# Web Development > ASP.NET two <FORM> tags are possible in aspx page IN ASP.Net?

## abhishekdgupta

Is this Possible to use more than one  tag in aspx page in asp.net?

----------


## abhishekdgupta

From my point of view its not possible...its gives error at runtime..

----------


## vikasvaidya

Yes Abhishek u can definitely do that it is possible.

go through this link

Managing multiple forms

----V V----
Vikas Vaidya

----------


## aravind.pk

i hope that is not possible if i understood your question rightly.

you mean to ask that the html source of the aspx page can contain two  tags. am i right?

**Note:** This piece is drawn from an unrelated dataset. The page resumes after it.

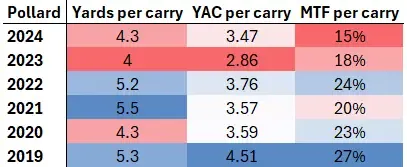 - 2024: 3.1 yards after contact per carry, 15.6 missed tackles forced per carry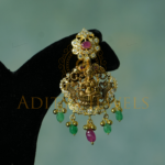 Traditional Temple-style earrings crafted in 22K (916) gold with CZ sparkle, ruby accents, and beads. Size: 2

if it is so, then it is possible to write, but by default the browser uses the first form tag elements or the form tag that contains "runat=server"

----------


## abhishekdgupta

> i hope that is not possible if i understood your question rightly.
> 
> you mean to ask that the html source of the aspx page can contain two  tags. am i right?
> 
> if it is so, then it is possible to write, but by default the browser uses the first form tag elements or the form tag that contains "runat=server"


Yes U r Right dear..

----------


## abhishekdgupta

Yes you are getting correct. Two Form tags are possible in aspx page but from that only one have Runat=server. iF both has this then it gives error  :Smile: 

Thanks,
Abhishek Gupta



> i hope that is not possible if i understood your question rightly.
> 
> you mean to ask that the html source of the aspx page can contain two  tags. am i right?
> 
> if it is so, then it is possible to write, but by default the browser uses the first form tag elements or the form tag that contains "runat=server"

----------


## peeyush_jain

Aspx page can contain two form

----------